However, (1) your example does not work (since I couldn't distinguish bnodes from NULLs, which is at the heart of the SQL based proposal to deal with NULLs), and (2) the criterion of soundness and completeness by itself enforces the fact that the results are always the same (otherwise it wouldn't be sound and complete!).

>>> I think that a further criterion has to be compatibility with the formal RDF semantics.
>> 
>> But this is impossible with NULL values, it seems to me.
> 
> I thought you had agreed above that the null-ingoring mapping is correct with regard to SPARQL BGP matching,

Yes.

> and perhaps all of SPARQL 1.0.

No. 
And this is why I said it is possibly impossible :-)

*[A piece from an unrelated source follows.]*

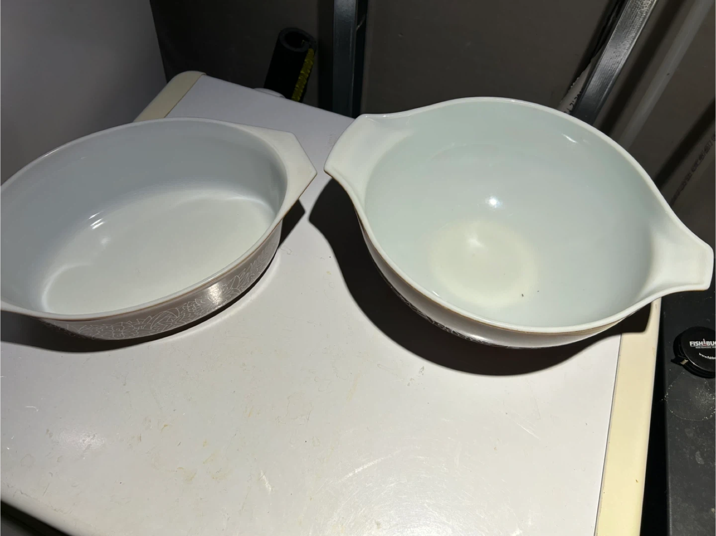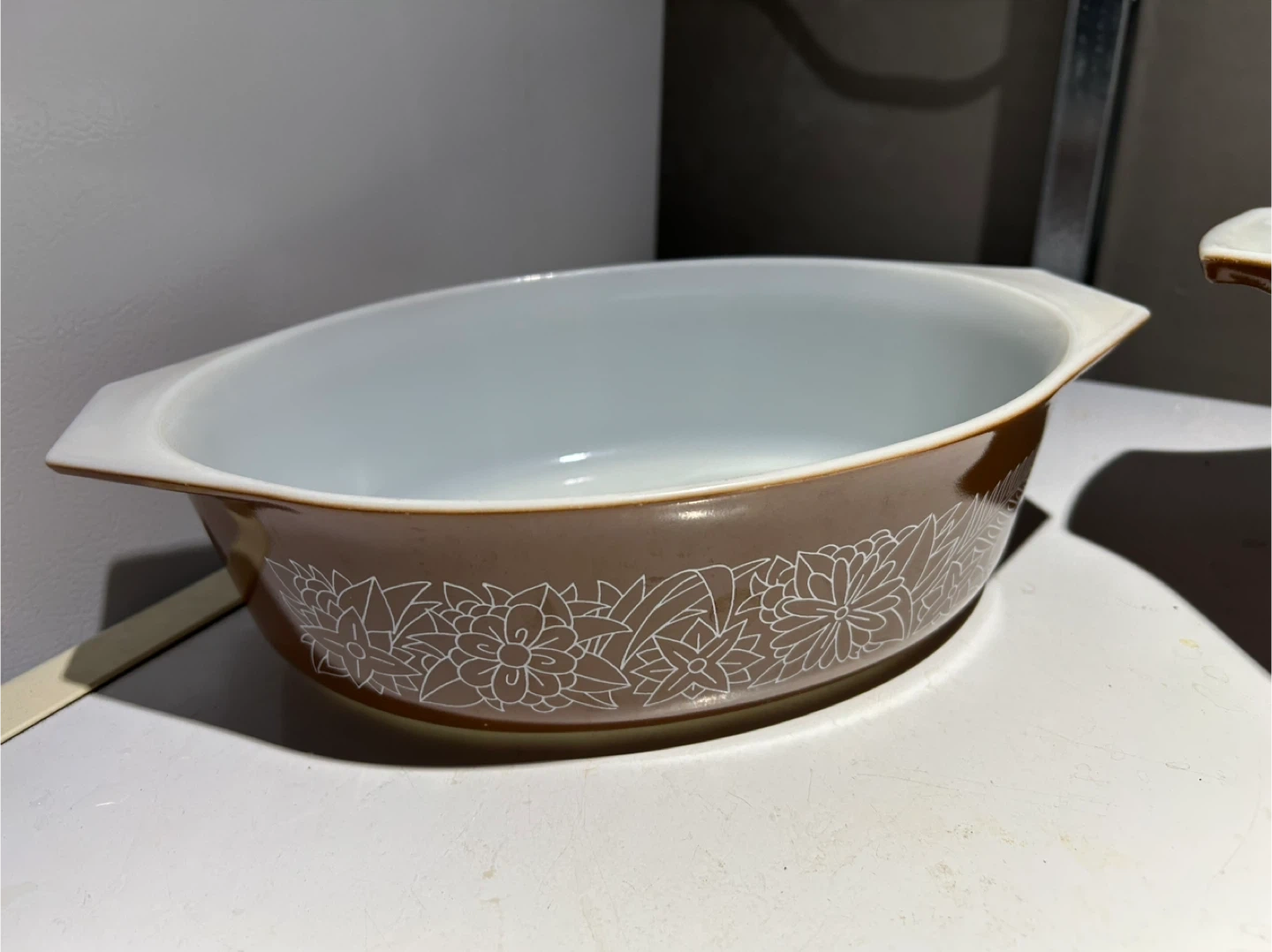 This is a set of two Pyrex mixing bowls in brown with a white floral pattern. They're made of durable milk glass. These bowls are great for mixing or serving.

> It satisfies the QA criterion (same responses over the RDF and the RDB), and is compatible with RDF semantics.

Only for BGPs and CQs.

>> Remember that you are modelling NULL values, which really mean the disjunction between absence of information and the existence of information, by just saying that they mean absence of information.
> 
> RDF can't express “there is no value”. So in my eyes, *any* mapping is necessarily incomplete because it cannot capture that notion.

Indeed this is exactly what I am saying!!! (Well, to be more precise, we need the “there is no value or there is an unknown value”)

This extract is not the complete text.